Из богоспасаемого града Воронежа от гонителей веры нашей бежать повелось страха ради. И даде мне приют всечестной старец Филарет, под единою кровлей обретаемся с ним вкупе.
Пугачёв вновь встревожился.
– Сколь давно ты у него проживаешь-то?
– Да с весны, батюшка, с нынешней весны, с месяца мая. Старец-то в Казань меня спосылывал, к Щелокову-купцу. Теперичь в обрат вертаюсь. В Яицкий городок заезжал, а там, ведаешь, рабов божьих нашей веры довольно.
Да беда! В руки Симонова коменданта едва не угодил…

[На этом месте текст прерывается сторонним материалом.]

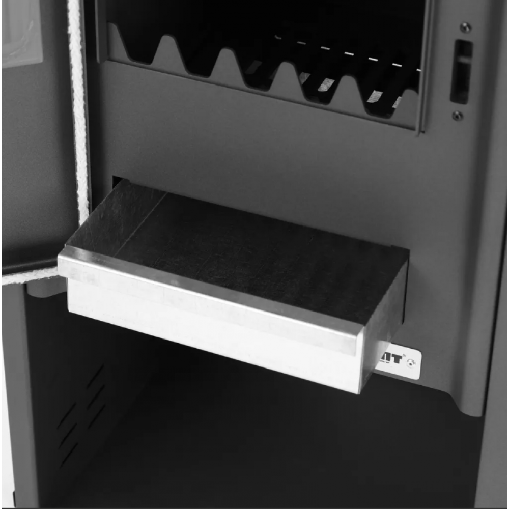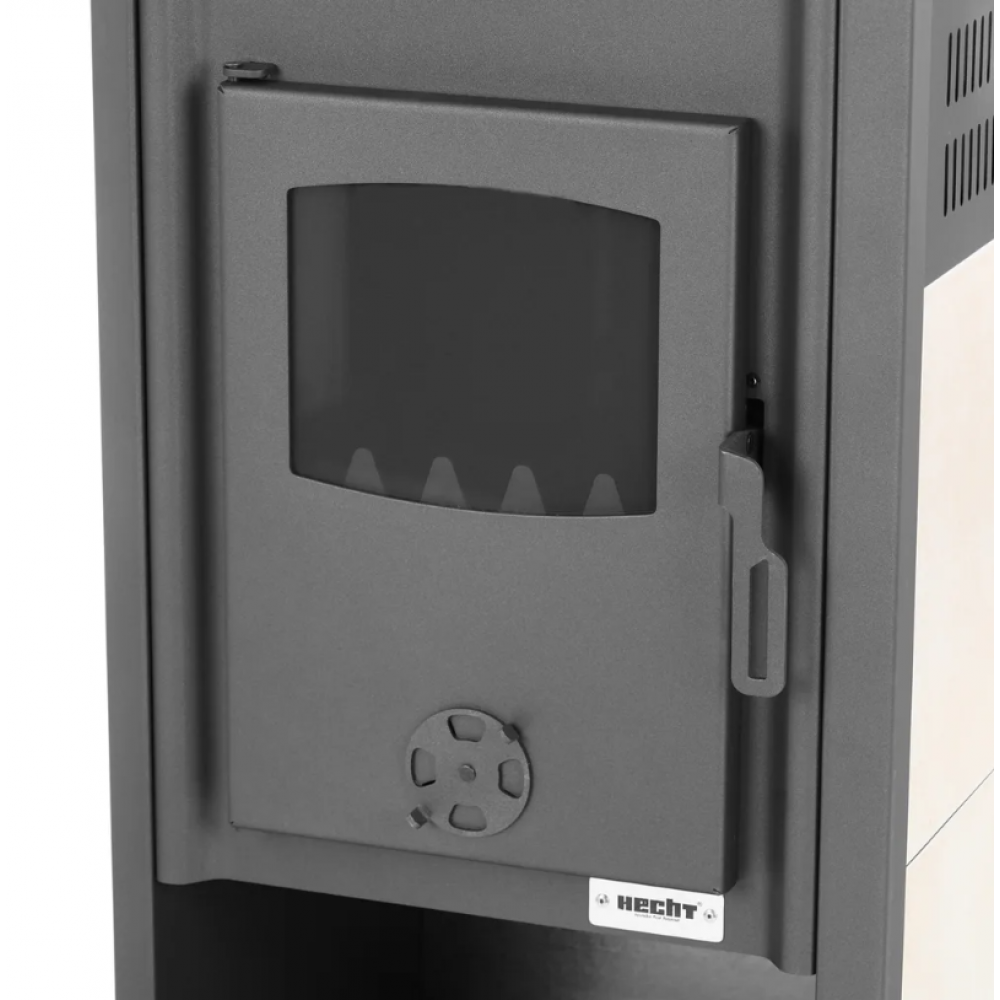 Tērauda malkas krāsns ar karstā ūdens apmainītāju un maksimālo siltuma jaudu 20–22 kW (ūdenī 15–17 kW).
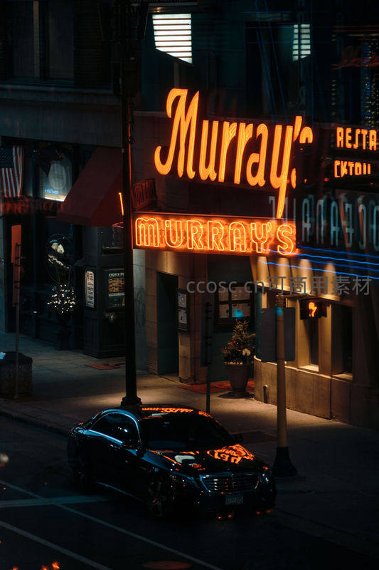 一家名为Murray's的餐厅在夜晚被橙色霓虹灯点亮,门前停着一辆黑色轿车,整个场景散发着美式复古风情与都市夜生活的魅力。
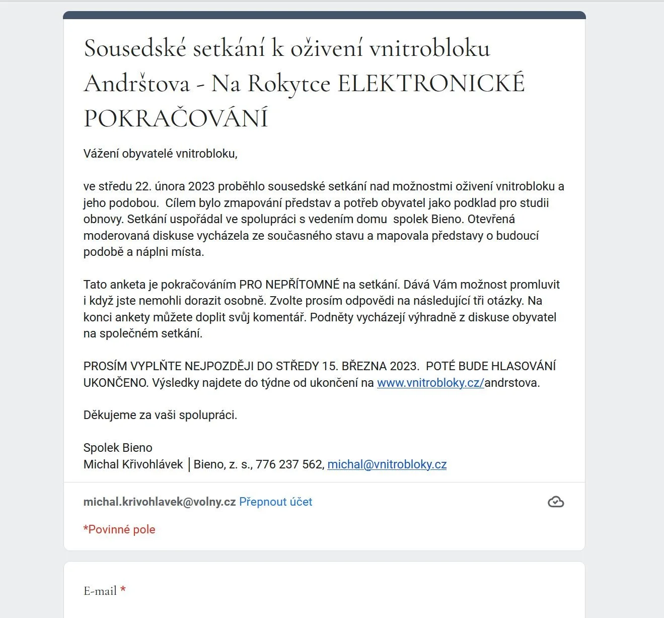 Obyvatelé tří navazujících bytových domů v ulici Andrštově a Na Rokytce dospěli k rozhodnutí zvelebit svůj vnitroblok a postupovat v tom společně. Pozemky přiléhají z jedné strany k fasádám a z druhé se otevírají do prostorného velkorysého vnitrobloku parkového typu, se sportovním a dětským hřištěm, který je celý zčásti v majetku města a zčásti v rukou soukromého majitele.
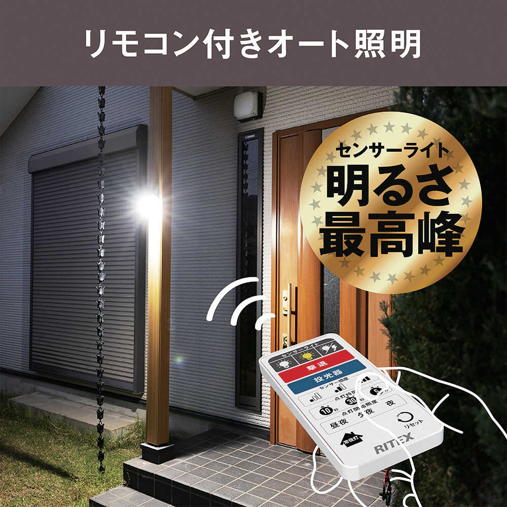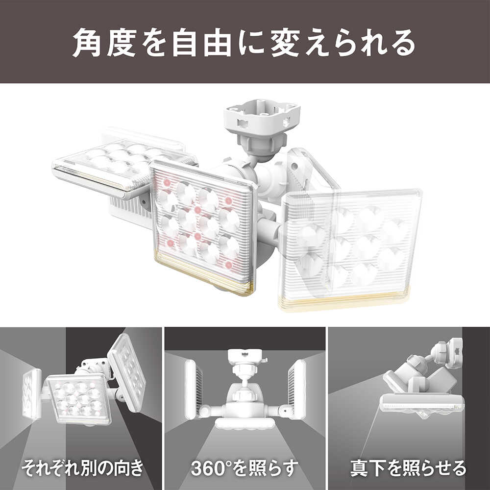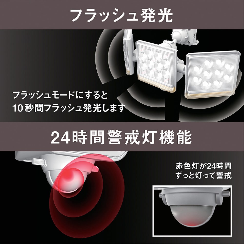 ●様々な設定をリモコンで遠隔操作できるセンサーライト(明るい白色灯、やさしい暖色灯、フラッシュ点滅+ブザー、投光器、常夜灯モード)です。●様々な設定をリモコンで遠隔操作できるセンサーライト(明るい白色灯、やさしい暖色灯、フラッシュ点滅+ブザー、投光器、常夜灯モード)取り付け可能です。●照射角度も自由自在です。●幅(mm):325●奥行(mm):141●高さ(mm):127●光源色:白色・電球色●使用電球(W):12×3灯●消費電流(W):点灯時:37W(全灯)、25W(暖色灯)、2.2W(常夜灯)/待機時:1W以下●電源:AC100V●点灯保持時間:10秒/30秒/5分/10秒フラッシュ●明るさ(lm):3200●明るさ:3200●電源(V):AC100V●保護等級:IP44●明るさ:3200lm●探知距離:12m●探知範囲:180° 質量1110g
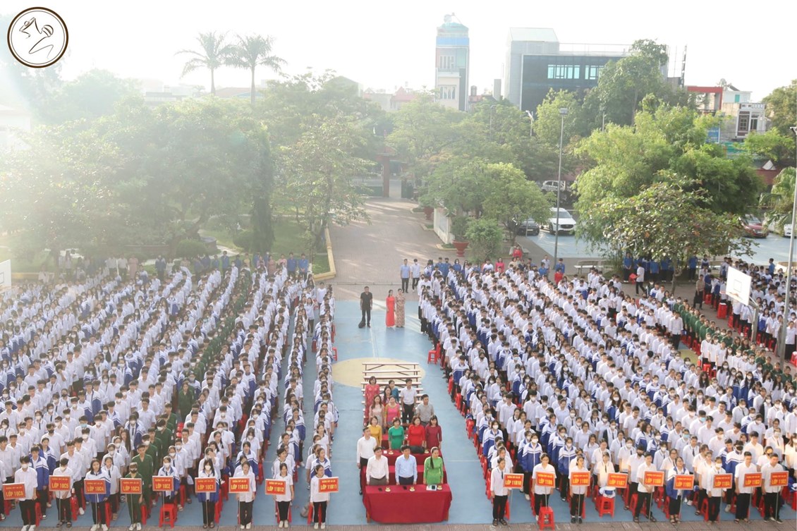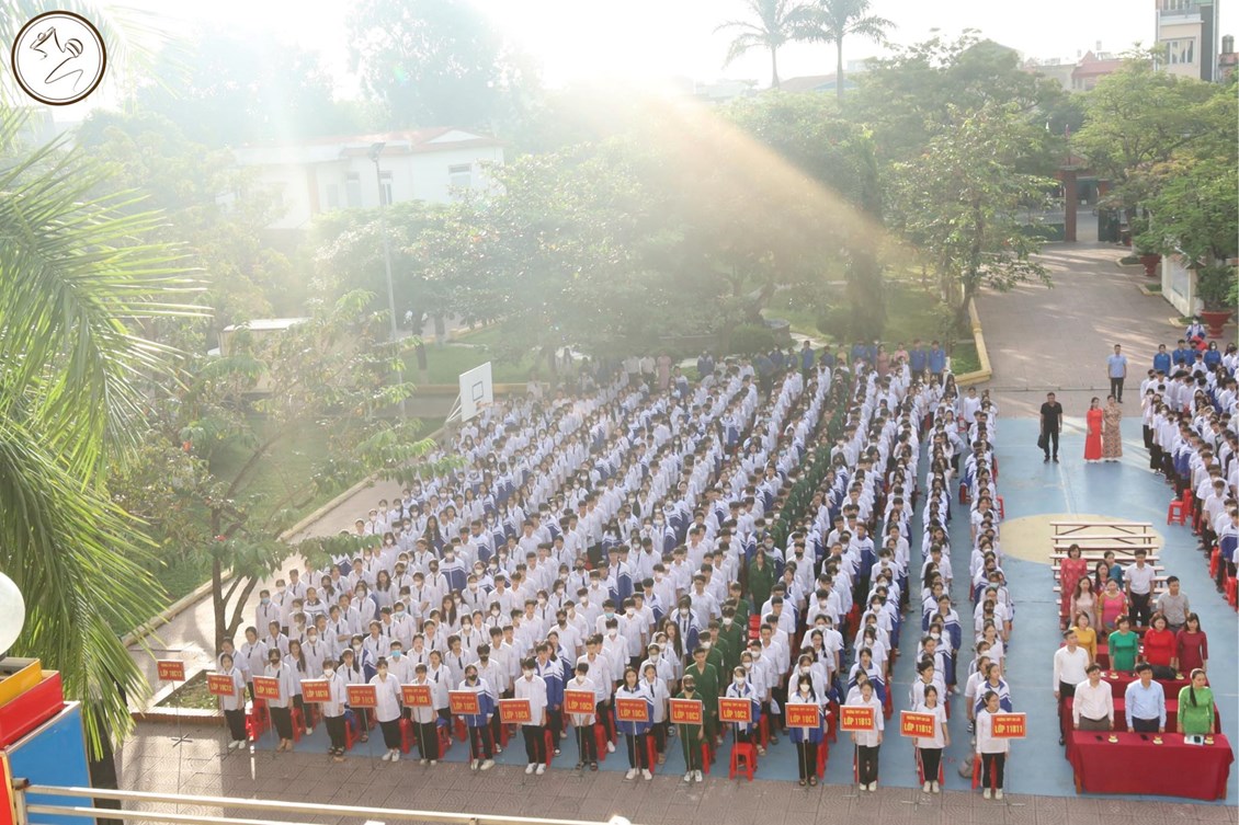 Tại buổi chào cờ có sự hiện diện của thầy Trần Đức Ngọc - Bí thư Đảng uỷ - Hiệu
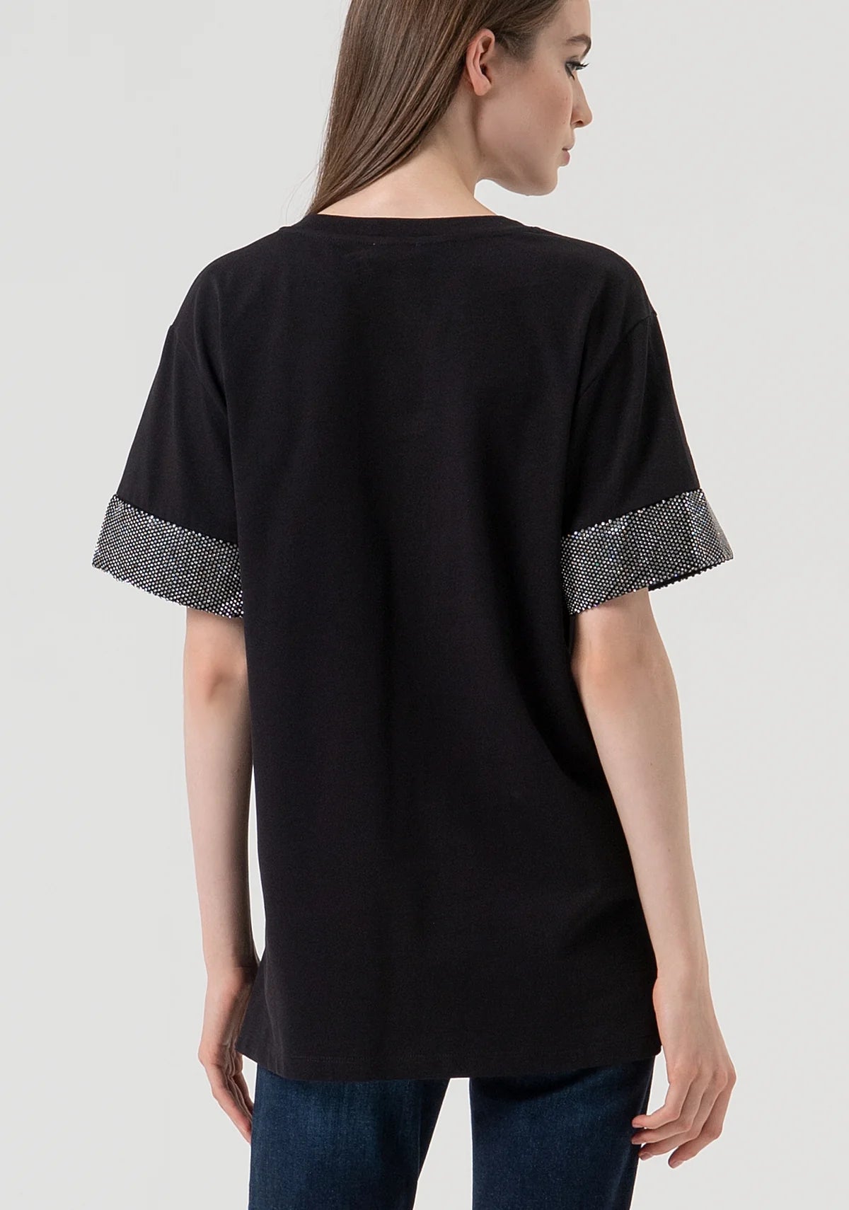 Fracomina T-Shirt Oversized Fit met Sparkling Mouwen.
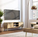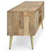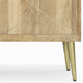 - TV Stand is perfect for TVs up to 65 inches, showcases a unique geometric brass metal inlay and four gold finished metal legs
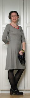 Die einzige Änderung war die, die ich immer mache (außer bei Burda-Schnitten): ich gebe 1 cm in der Schulter dazu. Ach, und etwas gekürzt habe ich es auch, weil die Knielänge von Schnitt bei mir eine Überknielänge ergab und die mag ich nicht an mir.
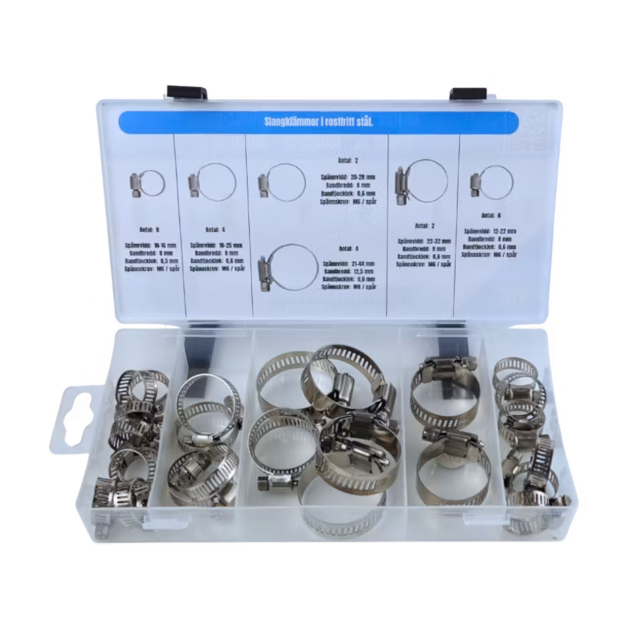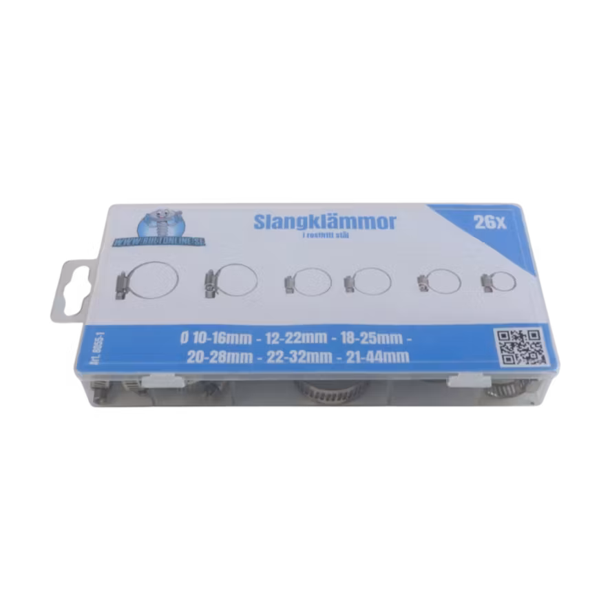 Sortimentsats – slangklämmor, rostfria – 26 delar
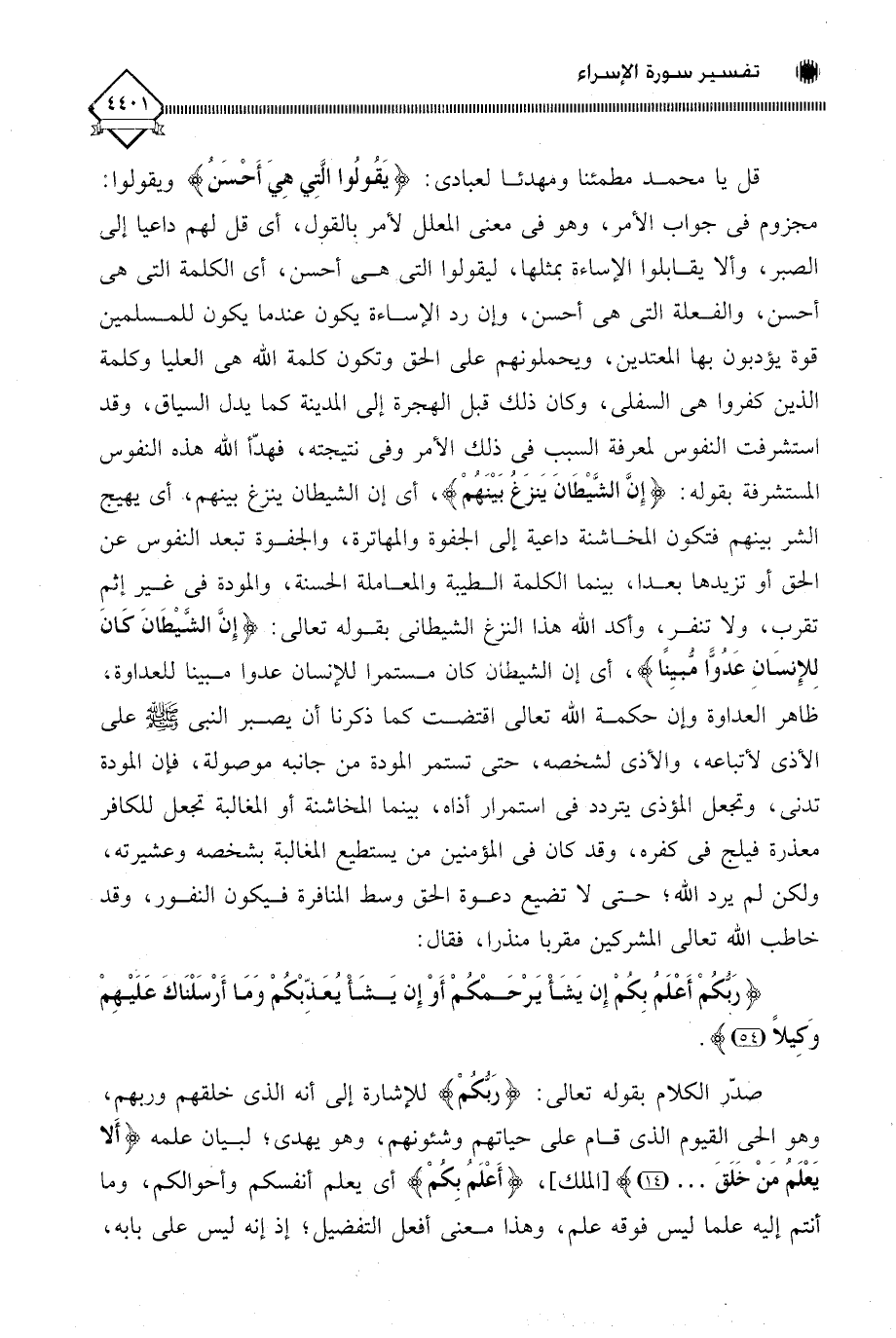 قل يا محمد مطمئنا ومهدئا لعبادي: (يَقُولُوا الَّتِي هِيَ أَحسَنُ) و (يقولوا): مجزوم في جواب الأمر، وهو في معنى المعلل لأمر بالقول، أي قل لهم داعيا إلى الصبر، وألا يقابلوا الإساءة بمثلها، ليقولوا التي هي أحسن، أي الكلمة التي هي أحسن، والفعلة التي هي أحسن، وإن رد الإساءة لكون عندما يكون للمسلمين قوة يؤدبون بها المعتدين، ويحملونهم على الحق وتكون كلمة اللَّه هي العليا وكلمة الذين كفروا هي السفلى، وكان ذلك قبل الهجرة إلى المدينة كما يدل السياق، وقد استشرفت النفوس لمعرفة السبب في ذلك الأمر وفي نتيجته، فهدَّأ اللَّه هذه النفوس المستشرفة بقوله: (إِنَّ الشَّيْطَانَ يَنزَغُ بَيْنَهُمْ)،، أي إن الشيطان ينزغ بينهم، أي يهيج الشر بينهم فتكون المخاشنة داعية إلى الجفوة والمهاترة، والجفوة تبعد النفوس عن الحق أو تزيدها بعدا، بينما الكلمة الطيبة والمعاملة الجسنة، والمودة في غير إثم تقرب، ولا تنفر، وأكد اللَّه هذا النزغ الشيطانى بقوله تعالى: (إِنَّ الشَّيْطَانَ كَانَ لِلْإِنْسَانِ عَدُوًّا مُبِينًا)، أَى إن الشيطان كان مستمرا للإنسان عدوا مبينا للعداوة.
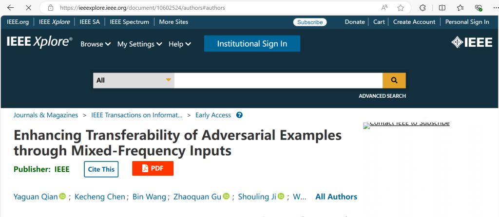 大数据与人工智能安全研究团队的论文“Enhancing Transferability of Adversarial Examples through Mixed-Frequency Inputs”在IEEE Transactions on Information Forensics and Security (TIFS)发表。该期刊同时为中科院1区TOP,中国计算机学会(CCF)A类期刊,中国密码学会(CACR)A类期刊,清华大学A类期刊,是信息安全领域最具影响力的国际顶级刊物之一。论文以我校为第一单位,钱亚冠教授为第一作者,22级研究生陈科成为第二作者,与全省智能物联网络与数据安全重点实验室、浙江大学、哈尔滨工业大学、西安交通大学、澳洲维多利亚大学等单位的研究人员合作完成。

– Ах, наглец, изменник! – сказал Пугачёв, отмахнувшись от мухи. – Не уйдет он от моей царской руки. Его да еще Крылова капитана со всем отродьем в петлю вздерну… Супротивление оказывали мне.
– Ну, вот таперичь, ваше величество, замрите, – прервал царя живописец, взял загрунтованный портрет Екатерины и, помолясь на восток двуперстием, приступил к делу. – Не ворочайтесь, батюшка, сидите смирно.
Да не можно ли в пресветлые очи-то улыбочку пустить, а то горазд хмурый выйдете, батюшка…
– Благодарствую, пущу, – сказал Пугачёв. Но как ни старался, не мог придать глазам веселость.
– Ах, ах! – сокрушался живописец. – Хошь морщинки-то по челу меж глаз как ни то разгладьте…
Портрет писался в напряженном молчании.
Были выписаны глаза да основные черты лица, все же остальное едва намечено.
– Сие распишу и без вашего усердного сидения, батюшка. Зело притомились, поди?
Пугачёв действительно заскучал. Но сознание, что его пишут как царя, давало ему силы переносить скованность неволи…
– Ну вот, присмотритесь, ваше величество…
Пугачёв подошел к портрету.
– Неужто я таков? Горазд грозен да немилостив…
– Сущий вы, батюшка, – что видело око мое, то и на холст положило, – потупясь, ответил живописец. – Взор царственный, вселяющий в души смертных немалый трепет, не правду людскую, аки огонь, сжигающий.